Sunday, April 12, 2009

Touched with violence



The Telegraph

Indian society is inured to everyday sights of cruelty. Little boys working in roadside teashops being cuffed or slapped around, children carrying loads, washing clothes and utensils, running barefoot after their mothers rushing to catch the train back home after a day of labour in the city are common sights that no one registers as cruel or uncivilized. People would be surprised if told that such sights are a marker of a society’s selfish myopia, insensitivity and lack of concern about the rights and needs of the less fortunate. Efforts to spread awareness and the honing of laws, against child labour for example, may have been intended to rouse people from these characteristic darknesses; evidently they have failed. Instead, people turn inhumanity into spectacle. A young girl, Moyna Das, accused of stealing from a house, was tied by her wrists to the grills of a window outside the house to be beaten up. She was ultimately — and ironically — ‘rescued’ by the police. In the news photograph that showed Moyna tied up, the heart-breaking helplessness of her face is given its true context by the grinning, eager faces of young women close by. They seem to represent the monstrous blood-thirst and love of bullying violence that lurk in today’s society.

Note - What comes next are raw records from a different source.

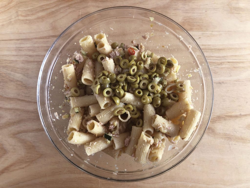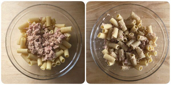 Préparation de la salade de pâtes au thon
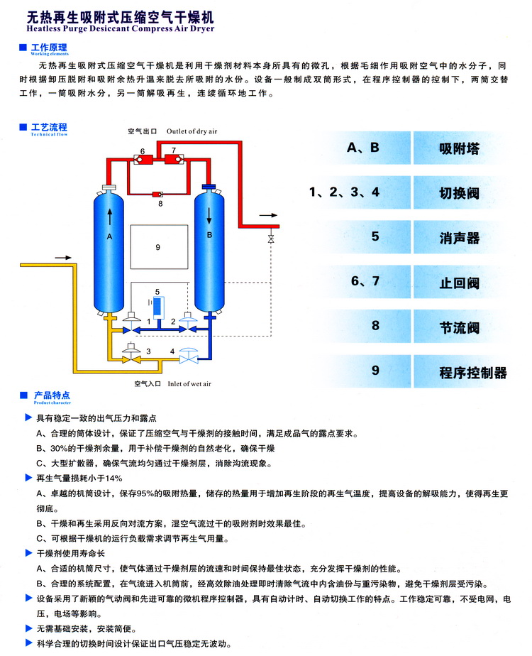 5) 吸附劑充填量極為充裕,大容量的干燥劑床保證了空氣與干燥劑有充足的接觸時間,使干燥劑能充分吸收水份,達到穩定的出口露點。保證出口空氣露點的穩定,除水效果。
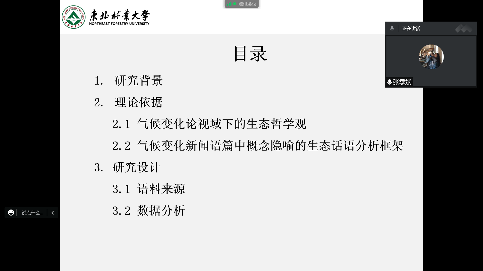 首先,张季斌同学从整体上介绍了文献的主要内容,包括研究背景、理论基础和研究设计。阐述了当前正处于大力倡导生态命运共同体的时代背景,在强调生态环境重要性的基础上,结合气候变化论域下的生态哲学观,搭建了气候变化新闻语篇中概念隐喻的生态话语分析框架对中美气候变化语篇中的概念隐喻进行分析。然后,王宝媛同学就中美新闻语篇中概念隐喻的分布特征进行解释说明,并将中美在新闻中折射的生态取向与生态理念,以及中美生态理念差异的动因展开具体剖析,最后从经济与文化因素、社会与政治因素和生态哲学因素入手,由浅入深地针对气候变化议题两国所持有生态理念存在差异的动因加以阐释。
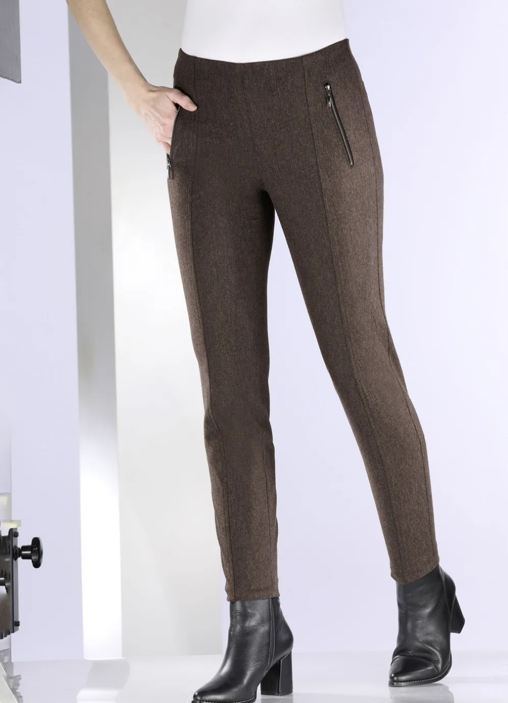 Hose mit Reißverschluss-Taschen in Cognac Meliert und in Größe 36.

The people of West Bengal, whether in the city or in towns and villages, have developed a habit of taking the law into their own hands. A petty thief or a pickpocket, if caught, is very often beaten up by a vengeful mob to an inch of his life, and sometimes killed. The excuse is that the police would let the offender go; it is up to the victimized people to make sure he does not do it again. It is true that the politicization of every institution and the links of local politicians with criminals have together undermined public trust to a great extent. But all that this negative synergy does is encourage the love of violence among citizens, for the opposite of order is always disorder. Citizens feel righteous in their inhumanity: when a theft should just be reported to the police, they become the accusers, judges and executioners all in one. The most basic forms of civic life are now not just at risk, but also in danger of being forgotten. The trend is terrifying.

The enthusiastic violence is always directed at the weak, poor and helpless. No one can be more vulnerable than a young girl allegedly caught stealing in a strange neighbourhood and exposed to a delighted public. She should not have been there if society had any pretence of being civilized. The Left in West Bengal has always liked to claim credit for the absence of communal and caste discrimination. But the arrogant contempt towards claims of the humanness of the poor is a disguised form of casteism that expresses itself typically in public spectacles of collective violence of the kind Moyna faced. When violence is the only mode of touching, it is the other side of a culture of untouchability.